Поспешно подошел мужчина со столярным метром и взял меня об руку.
– Понимаете, – мягко, но твердо ведя меня к выходу, говорил мужчина, – портрет ведь числится в качестве инвентаря. Пока не спишут официально, я не могу себе позволить снять, хотя, конечно, вам сочувствую…
Впоследствии анализируя (не сейчас, а недели через две), впоследствии я понял, что эти люди не удивились моему приходу и приняли меня именно за того, кем я был, то есть за реабилитированного… То, что я считал лишь собственным чувством, тогда было распространено, и ряд реабилитированных в разных состояниях и с разными целями частенько входили или врывались в государственные учреждения карательного порядка, откуда их вежливо, мягко, но твердо выводили.
Глава девятнадцатая
Далее помню день четвертого июня обрывками.

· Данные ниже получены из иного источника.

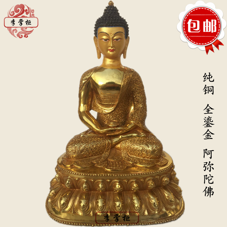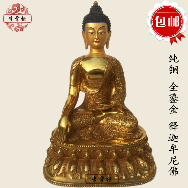 Pure copper Mizon Tibetan Zum Tripel Sakyamuni Buddha Sansei Buddha figure Buddha figure brass pendulum piece Ornament Home
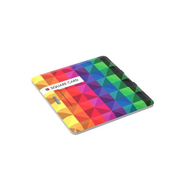 Memoria USB cuadrada con área de impresión del 100% por ambas caras. Grosor de tan solo 2,9 mm. que la hace perfecta para campañas de marketing directo. Escoja el chip Premium para más velocidad y garantía de por vida, o escoja el chip Basic como opción económica.
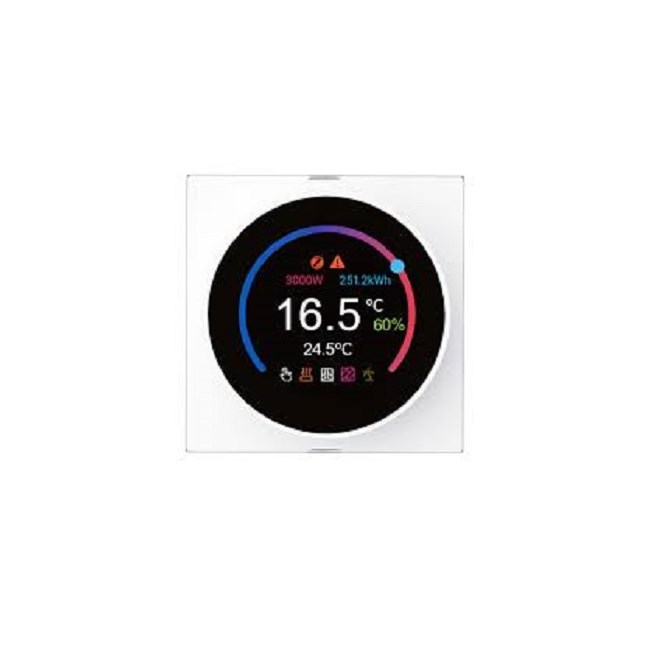 Termostaten opererer på en driftsspenning mellom 220V og 240V AC, med en maksimal belastning på 16A, som gjør den egnet for elektrisk oppvarming. Med trådløs kommunikasjon via Zigbee 3.0 på 2,4 GHz, kan den enkelt integreres i smarthus-systemer. Den er laget av halogenfri polykarbonat og er IP21-klassifisert. Dimensjonene er 84 mm i høyde og bredde, med en innfellingsdybde på 30,05 mm, noe som gjør den kompatibel med standard veggbokser.

Я по-прежнему бесцельно шел по улице большими шагами, не уставая, но зато постепенно во мне начали проявляться признаки самого настоящего опьянения, сродни алкогольному опьянению. Я пел, смеялся по ничтожному поводу или вовсе без повода, размахивал руками и, главное, осознавал, что делаю не то, однако мне было приятно отдаться на волю радостных, разнузданных чувств. К вечеру пошел сильный дождь, но это не был тот холодный злой дождь, когда я «ехал в Индию». Это был теплый южный дождь, в который, как в южные волны, приятно окунулось тело. Я снял тяжелый, намокший пиджак и, шагая под дождем, изо всех сил ударял этим пиджаком о заборы, стены домов и деревья… Добравшись до общежития (не помню как), я вошел в комнату, широко, рывком распахнув дверь и глянув на жильцов, рассмеялся. Я сказал Береговому:
– Передай своему другу Колеснику, что он будет стонать и плакать хуже, чем Ярославна в Путивле…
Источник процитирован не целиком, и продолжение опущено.